My mom and me
My mom and me
This week's chapter in my blog is going to be all me instead of sharing the spotlight with my mom, I wanted to create a chapter where I talk in detail about how I have seen my mom since I was little. All of these chapters have been filled with new information even to myself so I wanted to kind of share my perspective about everything I have to say about them and some extra, I guess I am using it as a space to also dedicate some sweet words to my mom in a more public setting.

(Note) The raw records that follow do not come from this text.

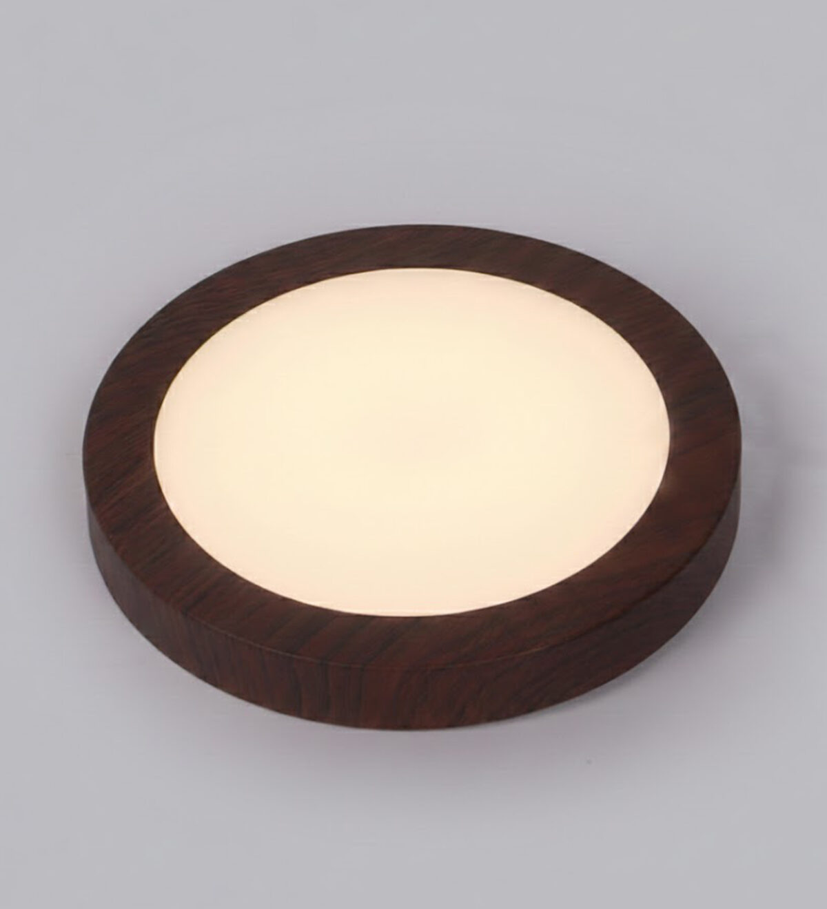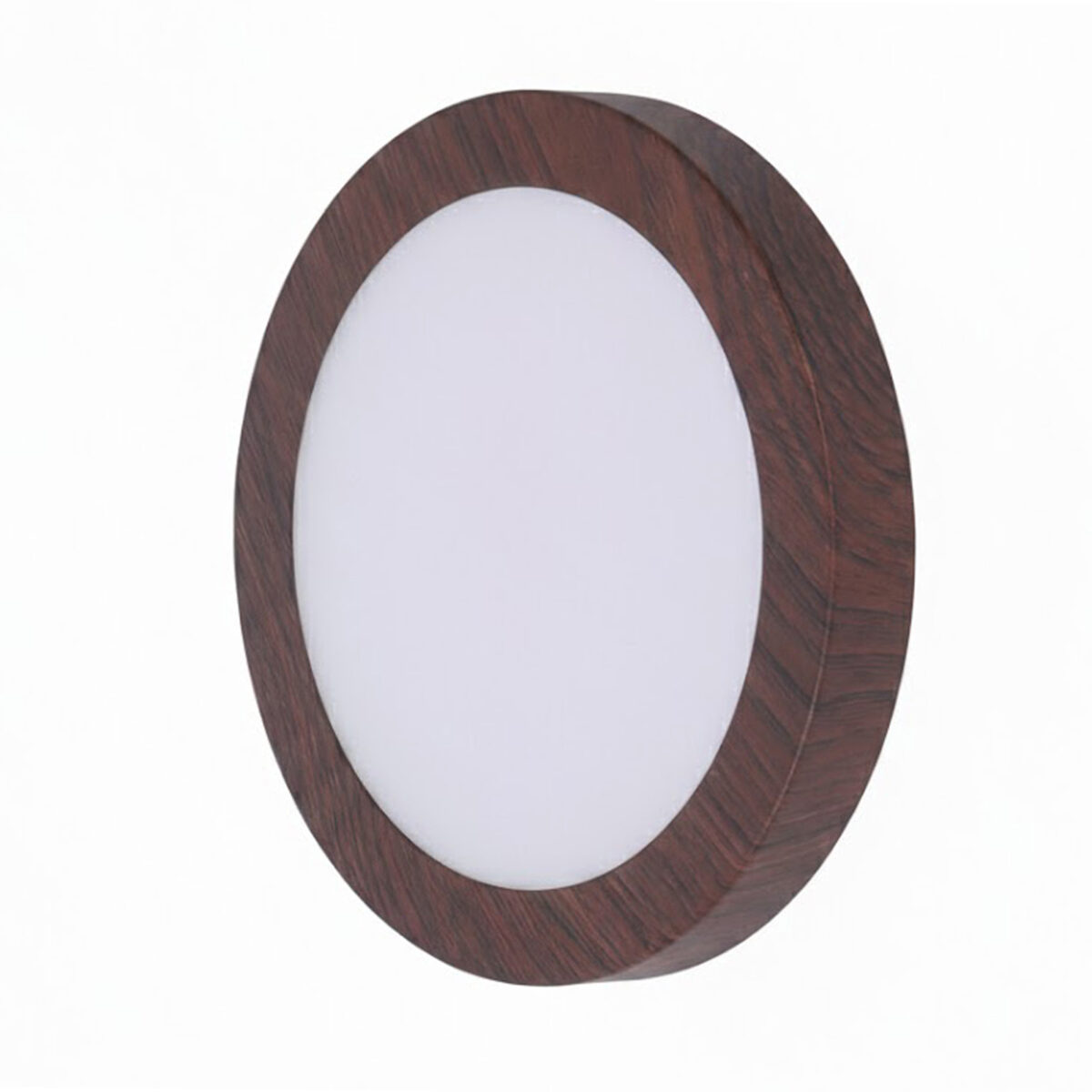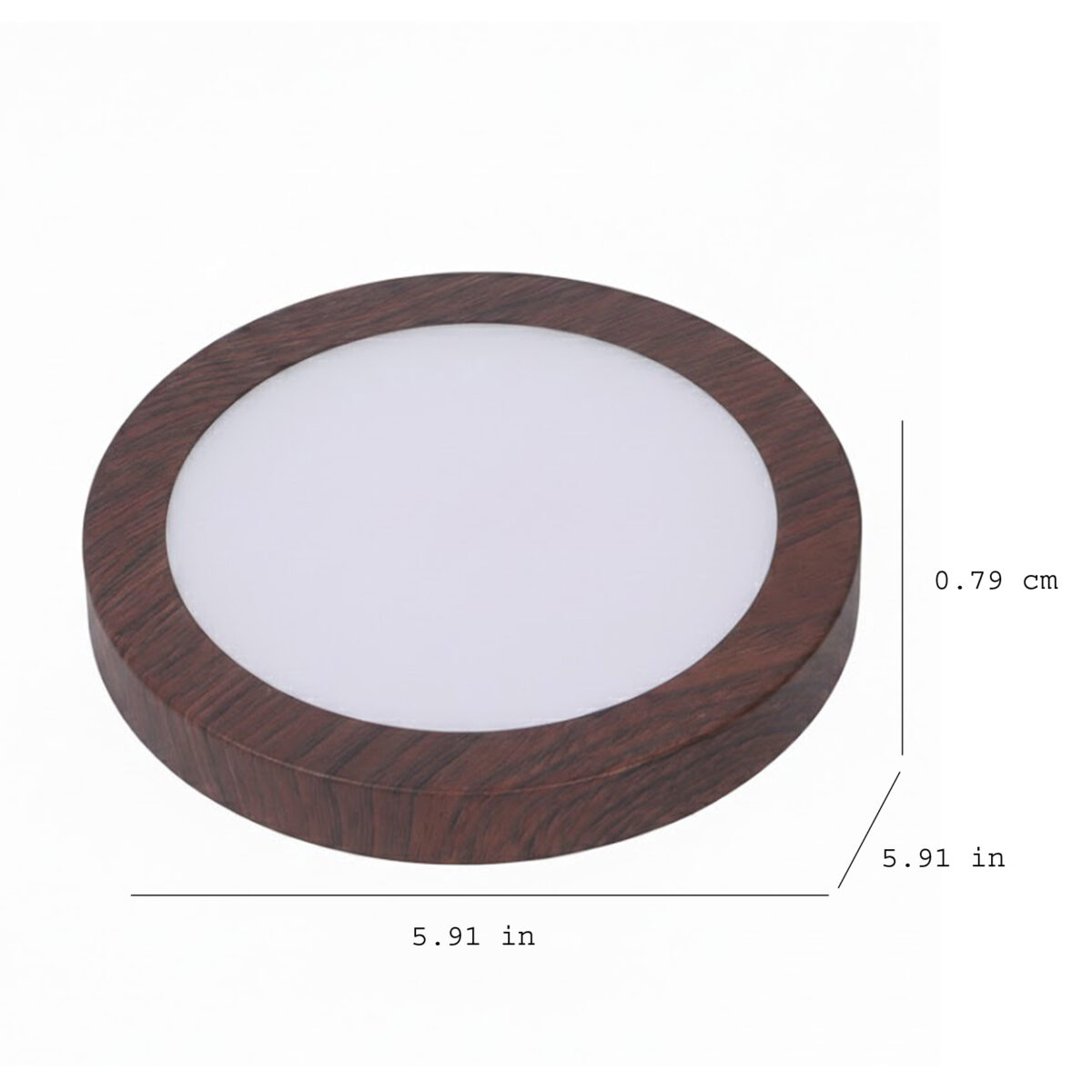 Wooden finish square LED surface ceiling light with warm white (yellow) light output. Can be used both indoors and outdoors.
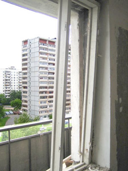 Les châssis sont retirés de la fenêtre. Démontez les cadres de fenêtres. Si nécessaire, démontez (défoncez) les pistes.
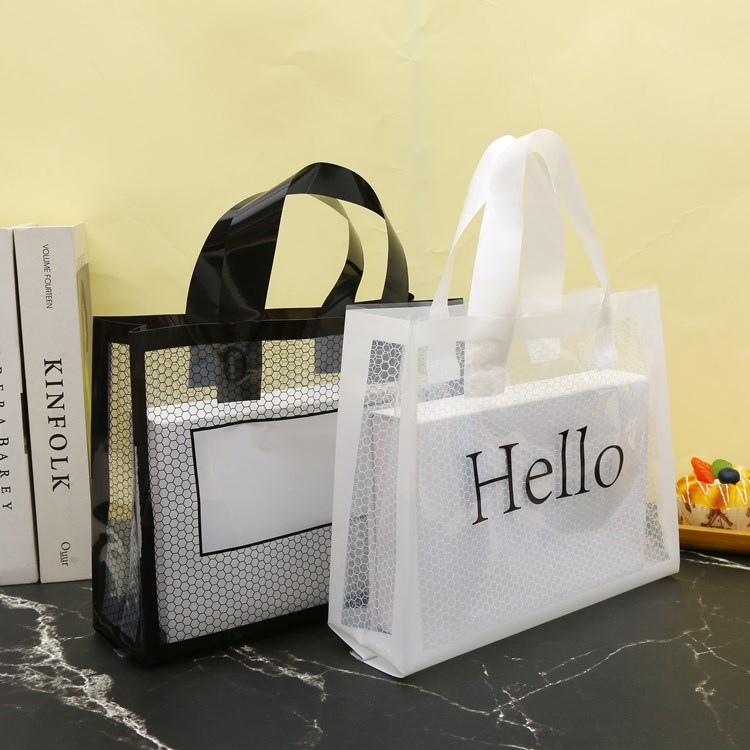재고 페 플라스틱 토트 백 화장품 쇼핑 선물 가방 신발 가게 아동복 매장 가방 로고 인쇄 가능

Since I was little remember my mom was always the only person there next to me, she would always be there taking care of me and my sister. Always standing tall and proud, my sister and I grew up without a father figure to look up to but we did grow up with a mom who would do great at trying to be both. She would one day be dressed up like a princess playing with my sister's dolls and the next day she would be on my bed fighting me with my lightsabers. She taught me how to shave, how to tie a tie after she watched a YouTube tutorial, and even how to play sports. There wasn't a thing my mom didn't do for me, she was so amazing at being a mom that I never felt like I needed a dad in my life. Growing up with a mom like her felt as if I always had someone in my corner and that reassured me a lot now that she is at an age where she needs a lot of help with stuff I am more than glad to be in her corner.
Through this process of my mother moving to Portland and dealing with all the challenges that life throws at her, she has grown a lot into a person I have never seen before. She is so inspiring but from a different point of view, I would look at her with admiration towards a mother figure who could do it all but now I look at her as a person looking at another person. Human to human I see her struggle and overcome these struggles in such a way that I can't help but be impressed. She has always been my idol and she will always stay my idol, life is a difficult journey that we all have to go through but I know that if I go through that journey even a little bit like my mom did then I will be okay.